Background technology

Along with the development of science and technology, television set is also towards intelligentized trend development.Intelligent television, except having the functions such as traditional video, game, also has network function, can realize TV, cross-platform search between network and program.Intelligent television is becoming the third message reference terminal after computer, mobile phone, the information that user oneself needs by intelligent television access.

But at present, on intelligent television, voice-input device is not also standard configuration, also needs to buy voice-input device in addition, this expense extra for user brings if need to realize phonetic entry.Further, voice-input device is mostly connected by wired mode with intelligent television, and transmission range also can be subject to larger restriction.

In sum, there is the technical problem that the phonetic entry needing configured voice input equipment to realize intelligent television causes increasing expense in known prior art.

Summary of the invention

The main purpose of the application is to provide a kind of method of speech processing of intelligent television, treatment system and intelligent television, causes increasing expense technical problem to solve the phonetic entry needing configured voice input equipment to realize intelligent television existed in prior art.

For solving the problem, according to an aspect of the application, provide a kind of method of speech processing of intelligent television, it comprises: intelligent television initiates wireless speech passage; Described intelligent television is by described voice channel received speech signal; Described intelligent television judges its current application scenarios, and carries out relevant treatment according to described application scenarios to described voice signal.

Wherein, if judge, the current application scenarios of described intelligent television is the first application scenarios, then described step of according to described application scenarios, described voice signal being carried out to relevant treatment, comprise: described intelligent television is by voice signal described in speech recognition technology identification, voice signal after identifying is converted to corresponding operational order, and performs described operational order in described intelligent television; Wherein, described operational order is the operational order that the remote controller of described intelligent television is corresponding.

Wherein, described by voice signal described in speech recognition technology identification, the voice signal after identifying is converted to corresponding operational order, comprises: the phonetic feature extracting described voice signal; In the phonetic feature storehouse of presetting, mate described phonetic feature obtain matching result, and be converted to corresponding operational order according to matching result, wherein, in described phonetic feature storehouse, store the corresponding relation of phonetic feature and operational order.

Wherein, if judge, the current application scenarios of described intelligent television is the second application scenarios, then described step of according to described application scenarios, described voice signal being carried out to relevant treatment, comprise: described intelligent television is by voice signal described in speech recognition technology identification, and the voice signal in the database preset after match cognization obtains matching result, and perform described matching result in described intelligent television.

Wherein, if judge, the current application scenarios of described intelligent television is the 3rd application scenarios, then described step of according to described application scenarios, described voice signal being carried out to relevant treatment, comprising: play described voice signal by the sound card of described intelligent television.

Wherein, described intelligent television initiates the step of wireless speech passage, comprising: described intelligent television initiates the wireless speech passage between mobile terminal; Described intelligent television, by the step of described voice channel received speech signal, comprising: described intelligent television receives the voice signal from described mobile terminal by described voice channel.

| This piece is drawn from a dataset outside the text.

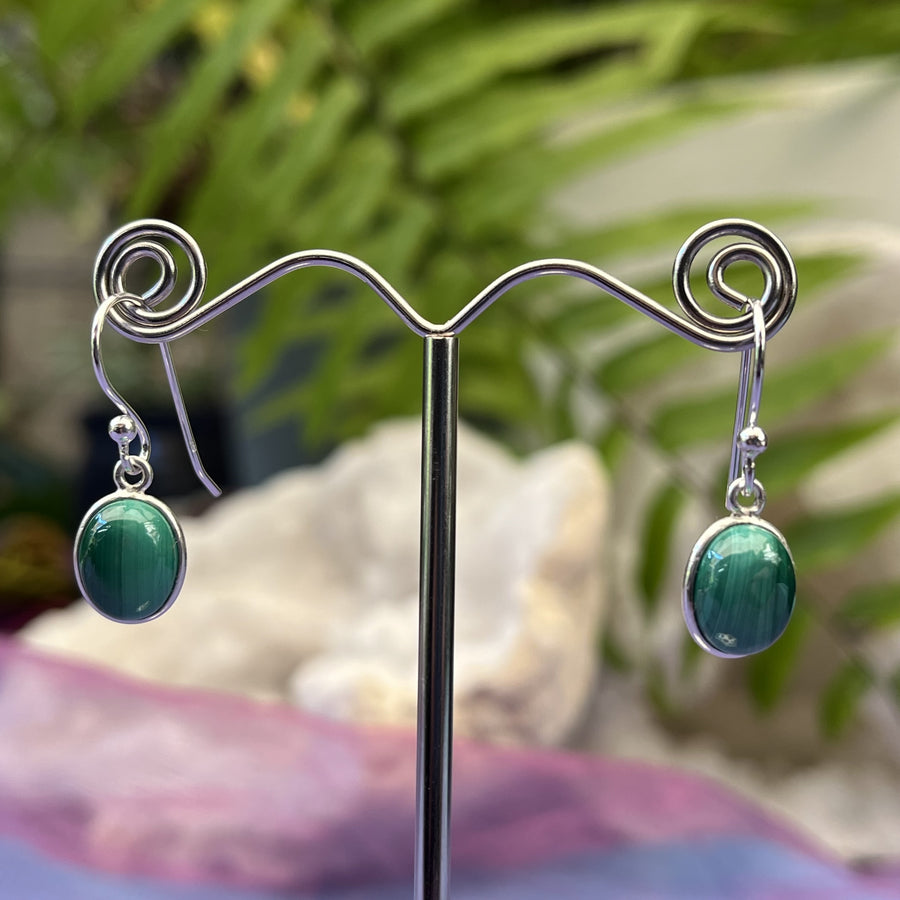 Earrings Malachite Oval 2.6 cm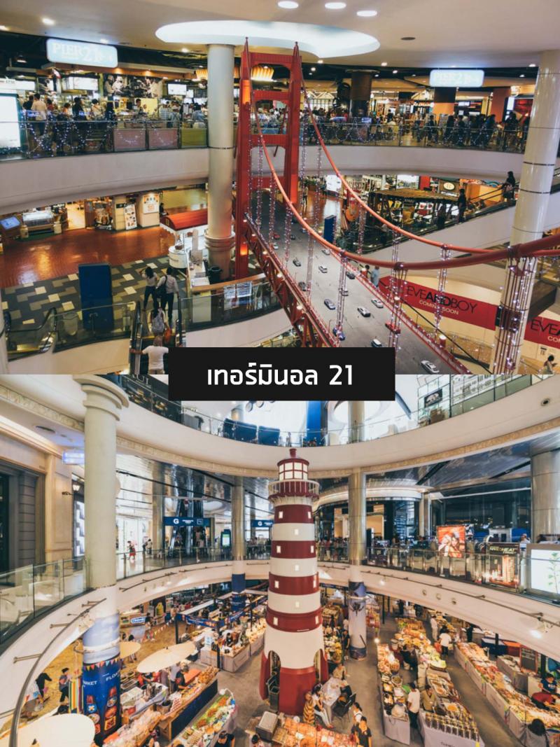 เทอร์มินอล 21 Shopping Mall เทรนด์ใหม่ กลางสุขุมวิท ที่มาในธีมของสนามบิน ซึ่งในแต่ละชั้นถูกออกแบบให้กลายเป็นเมืองใหญ่ต่างๆ จากทั่วโลก ทั้ง ลอนดอน โตเกียว ซานฟรานซิสโก อิสตันบูล เป็นต้น บอกเลยว่า แค่เดินเล่นถ่ายรูปก็ชิลมากๆ แล้วค่ะ นอกจากนี้ ที่นี่ยังมีทั้งร้านอาหาร ร้านค้า สินค้าแบรนด์ดังต่างๆ รวมไว้ในที่เดียว ขาช้อปต้องยิ้มหน้าบานแน่ๆ

Wherein, described method also comprises: described mobile terminal gathers voice signal by its microphone; Or described mobile terminal receives described voice signal.

According to the another aspect of the application, also provide a kind of intelligent television, it comprises: set up module, for initiating wireless speech passage; Receiver module, for passing through described voice channel received speech signal; Processing module, for judging the application scenarios that described intelligent television is current, and carries out relevant treatment according to described application scenarios to described voice signal.

Wherein, described processing module is further used for, if judge, the current application scenarios of described intelligent television is the first application scenarios, then by voice signal described in speech recognition technology identification, voice signal after identifying is converted to corresponding operational order, and performs described operational order in described intelligent television; Wherein, described operational order is the operational order that the remote controller of described intelligent television is corresponding.

Wherein, described processing module comprises: characteristic extracting module, for extracting the phonetic feature of described voice signal; Matching module, obtains matching result for mating described phonetic feature in the phonetic feature storehouse of presetting, and is converted to corresponding operational order according to matching result, wherein, store the corresponding relation of phonetic feature and operational order in described phonetic feature storehouse.

Wherein, described processing module is further used for, if judge, the current application scenarios of described intelligent television is the second application scenarios, then by voice signal described in speech recognition technology identification, and the voice signal in the database preset after match cognization obtains matching result, and perform described matching result in described intelligent television.

Wherein, described processing module is further used for, if judge, the current application scenarios of described intelligent television is the 3rd application scenarios, then play described voice signal by the sound card of described intelligent television.

According to the one side again of the application, also provide a kind of speech processing system of intelligent television, it comprises above-mentioned described intelligent television, also comprises: mobile terminal, for gathering voice signal by its microphone or receiving described voice signal.

According to the technique scheme of the application, by the voice channel received speech signal set up, and carry out relevant treatment according to current application scenarios to voice signal, what achieve with intelligent television is mutual, greatly improves the Consumer's Experience of intelligent television.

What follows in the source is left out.